**SOURCE MATERIAL:**
══════════════════════════════
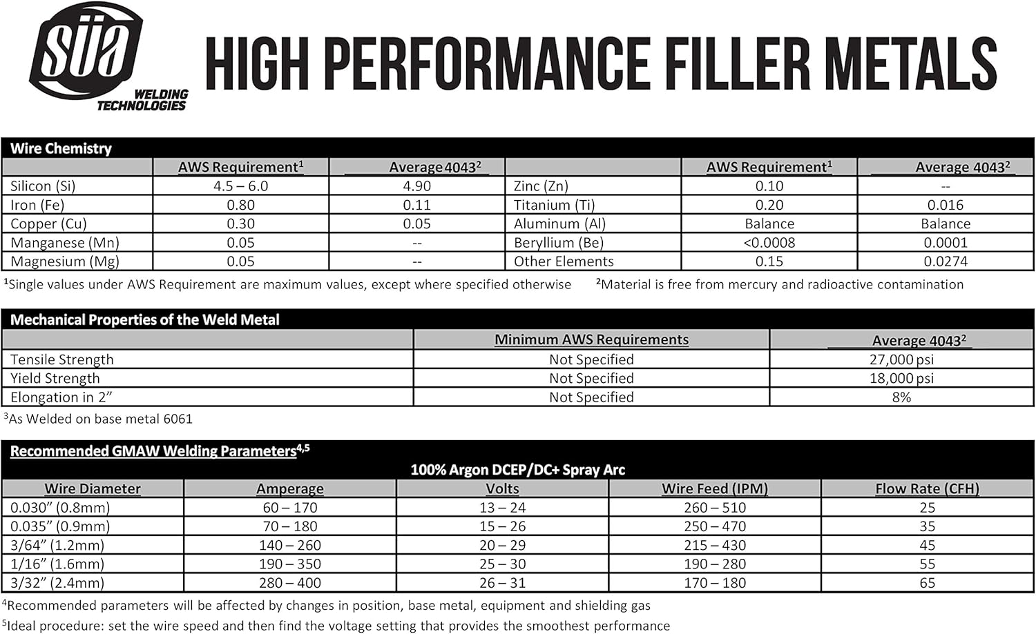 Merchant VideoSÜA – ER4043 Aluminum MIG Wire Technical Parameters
══════════════════════════════
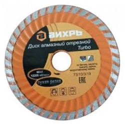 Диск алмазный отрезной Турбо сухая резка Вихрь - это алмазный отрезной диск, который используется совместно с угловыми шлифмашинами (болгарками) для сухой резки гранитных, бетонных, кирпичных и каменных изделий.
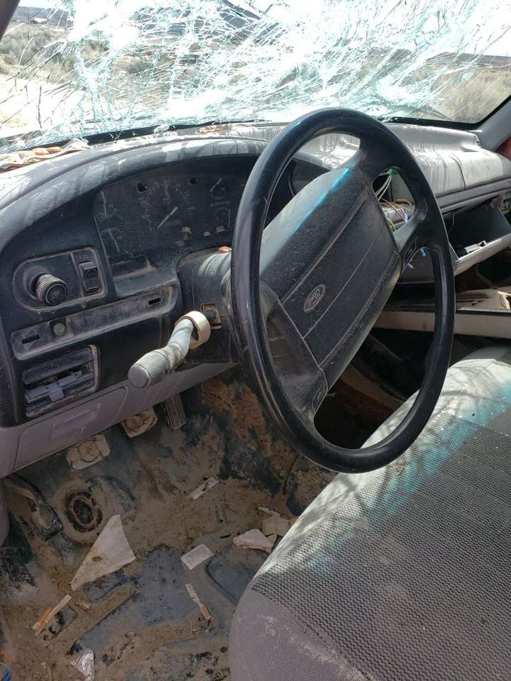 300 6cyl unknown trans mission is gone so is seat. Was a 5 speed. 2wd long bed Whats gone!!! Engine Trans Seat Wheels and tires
══════════════════════════════
**TASK ITEM:**
Of the lines above, quote exactly those from the one with "Диск алмазный отрезной" through the one with "300 6cyl unknown", ends included; pictures stay out.

**ANSWER AREA:**
 Диск алмазный отрезной Турбо сухая резка Вихрь - это алмазный отрезной диск, который используется совместно с угловыми шлифмашинами (болгарками) для сухой резки гранитных, бетонных, кирпичных и каменных изделий.
 300 6cyl unknown trans mission is gone so is seat. Was a 5 speed. 2wd long bed Whats gone!!! Engine Trans Seat Wheels and tires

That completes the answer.